This has huge implications for owners of rental housing.
The government is heralding the Secure and Fair Enforcement for Mortgage Licensing Act of 2008 as another step in the recovery and revitalization of America’s residential housing market by requiring registration and minimum national standards for loan originators.
However, others protest that, unless seller financing is exempted, the act is another attack on individual property rights, one that takes away an individual’s right to offer seller financing on property the person owns. Critics also say the act penalizes the private investor and will further stifle the residential housing market.
Seller financing is the method by which the owner of a property sells the property and agrees to personally finance the purchase so that the buyer does not have to get a loan from a bank or other lender.
Seller financing is typically used by owners of properties in the lower to middle price range and for buyers who for one reason or another do not qualify for bank financing.
The new act requires every loan originator taking a residential mortgage loan application from a consumer to obtain a mortgage loan originator license from the state agency where the property is located. Each state’s licensing requirements at minimum must comply with standards for education, testing, criminal background check and credit background check.
A mortgage loan originator is defined as any individual who, for compensation or gain, takes a residential mortgage loan application, or offers or negotiates terms of a residential mortgage loan application.
Once an originator is licensed, the information will be submitted to a nationwide mortgage licensing system and registry so that consumers can have free access to information about an originator and know the originator has met the act’s training and education requirements. The information will also include employment history and any disciplinary or enforcement actions against the originator.
So what’s the problem? Sellers must be licensed. The proposed rules only exempt an individual seller financing a sale of his or her own residence.

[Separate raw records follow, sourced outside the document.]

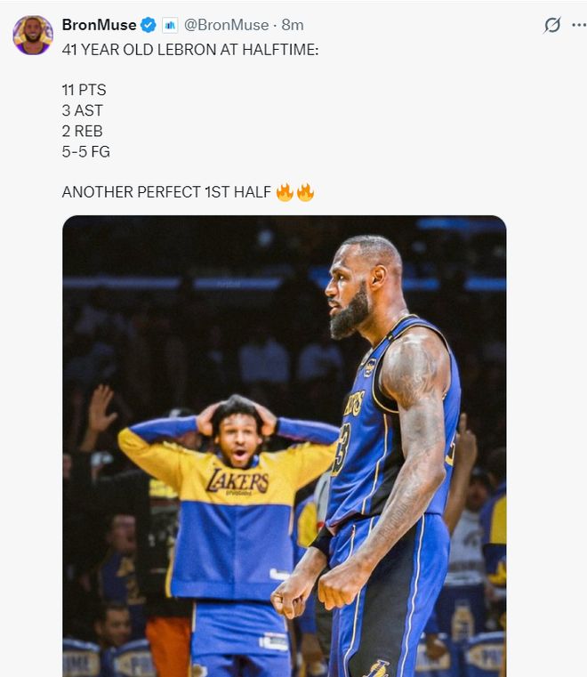 半場詹姆斯5中5,拿到11分3籃板2助攻,命中率100%,41歲的詹姆斯連續兩個上半場保持全中!
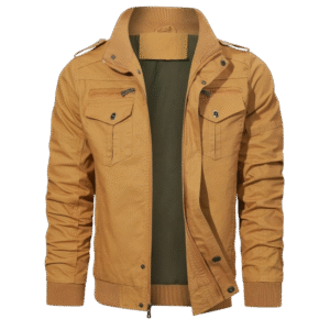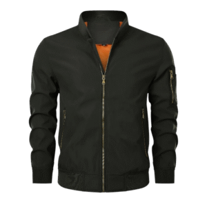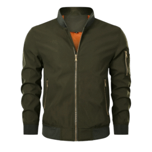 This men’s bomber jacket combines sporty style with everyday comfort. Designed with a full zip closure, ribbed knit cuffs, hem, and collar featuring subtle stripe detailing for a classic finish.
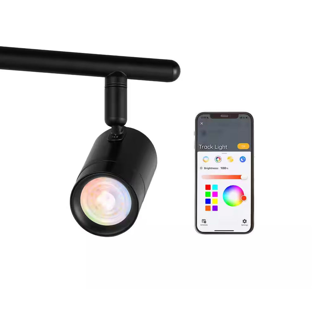Boedy 2 ft. 3-Light Smart Matte Black Integrated LED Fixed Track Lighting Kit with Night Light Powered by Hubspace - 1009105587
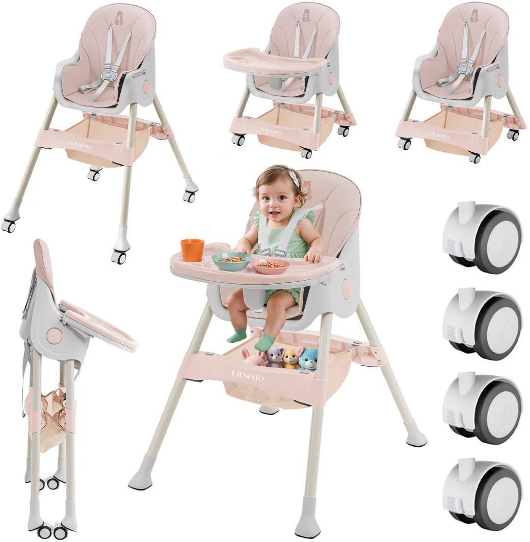 Krzesełko do karmienia Orsetto Karmelk 4w1 w różowym kolorze to znakomity wybór dla rodziców, którzy pragną zapewnić swojemu maluchowi komfort i bezpieczeństwo podczas posiłków. Dzięki czterem różnym konfiguracjom, krzesełko dostosowuje się do potrzeb rosnącego dziecka, co czyni je wszechstronnym rozwiązaniem na długie lata.

Seller financing is an age-old tradition based on private property rights. But the new act is part of the Housing and Economic Recovery Act of 2008 in response to the banking system’s abuses of the system, and seller financing had nothing to do with this. The government shouldn’t be penalizing private investors for the sins of bankers.
Seller financing provides opportunities for otherwise non-creditworthy consumers to purchase houses. People who have purchased residential properties as an investment now stand to be locked out of the only financing vehicle to realize their equity.
Not all is lost. The proposed rules on seller financing are not final.
Much of the public comment to the Department of Housing and Urban Development has been about seller financing.
HUD hopes to issue final rules by the end of the year. However, once the final rules are issued, they go to the Office of Budget and Management for 90 days of review and possibly more negotiations.
The aim to protect consumers against unscrupulous originators and require a minimum competency level for originators should be applauded, but as with other well-intentioned legislation, unintended consequences must be eliminated.
An individual’s right to sell his or her property and finance the sale is a private property right that in no way contributed to the residential mortgage mess. Quite the contrary, seller financing has always filled the financing void created by the mortgage industry.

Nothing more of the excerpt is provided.